Selection of global river deltas
We selected 40 deltas globally, prioritizing 35 deltaic systems with the greatest exposed area and population currently below sea level, supplemented by five less-exposed deltas of local and regional significance and previously identified risks9. To assess the 35 deltas with the greatest exposure among global river deltas, we used 955 delineated delta boundaries in ref. 6 and identified coastal delta elevation below sea level using the DeltaDTM dataset v.1.1 (ref. 11) resampled to 3 arcseconds (100 m) and referenced to mean sea level51. Global delta population was estimated by aggregating 100 m resolution WorldPop population count for each delta, which is calibrated to the 2020 national population estimates from the United Nations population data52.

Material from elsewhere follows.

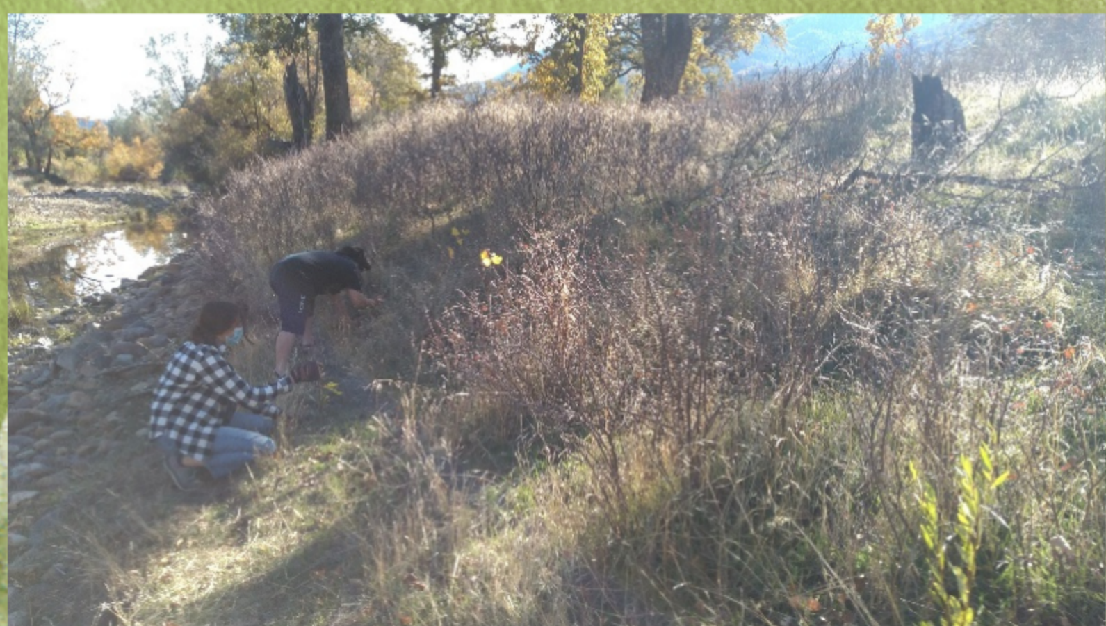
Planting and watering of willow and cottonwood cuttings

Our estimates show that globally, 42,000 km2 of the delta area at present lies below sea level, containing a population of 10.2 million people (Extended Data Fig. 1). The 35 deltas with the greatest exposure included in this analysis are Nile, Mississippi, Rhine–Meuse, Mekong, Niger, Cauvery, Po, Red River, Vistula, Rhone, Amazon, Ganges–Brahmaputra, Chao Phraya, Kabani, Pearl, Rio Grande, Yangtze, Yellow River, Senegal, Indus, Saloum, Grijalva, Ceyhan/Seyhan, Rioni, Cross, Chikuma-gawa, Volta, Brantas, Neva, Wouri, Irrawaddy, Ogooué, Zambezi, Magdalena and Ciliwung (Extended Data Fig. 1). The cumulative delta area and population below sea level are 38,000 km2 and 10.1 million people, respectively, reaching within rounding errors of the global total exposure. Deltas such as the Danube, Orinoco and Shatt-el-Arab met the selection criteria but were excluded due to challenges associated with the SAR imaging and interferometric analysis (including spatial coverage gaps, excessive temporal baselines, poor coherence and limited data availability). The five supplementary deltas are Brahmani, Mahanadi, Godavari, Parana and Fraser deltas.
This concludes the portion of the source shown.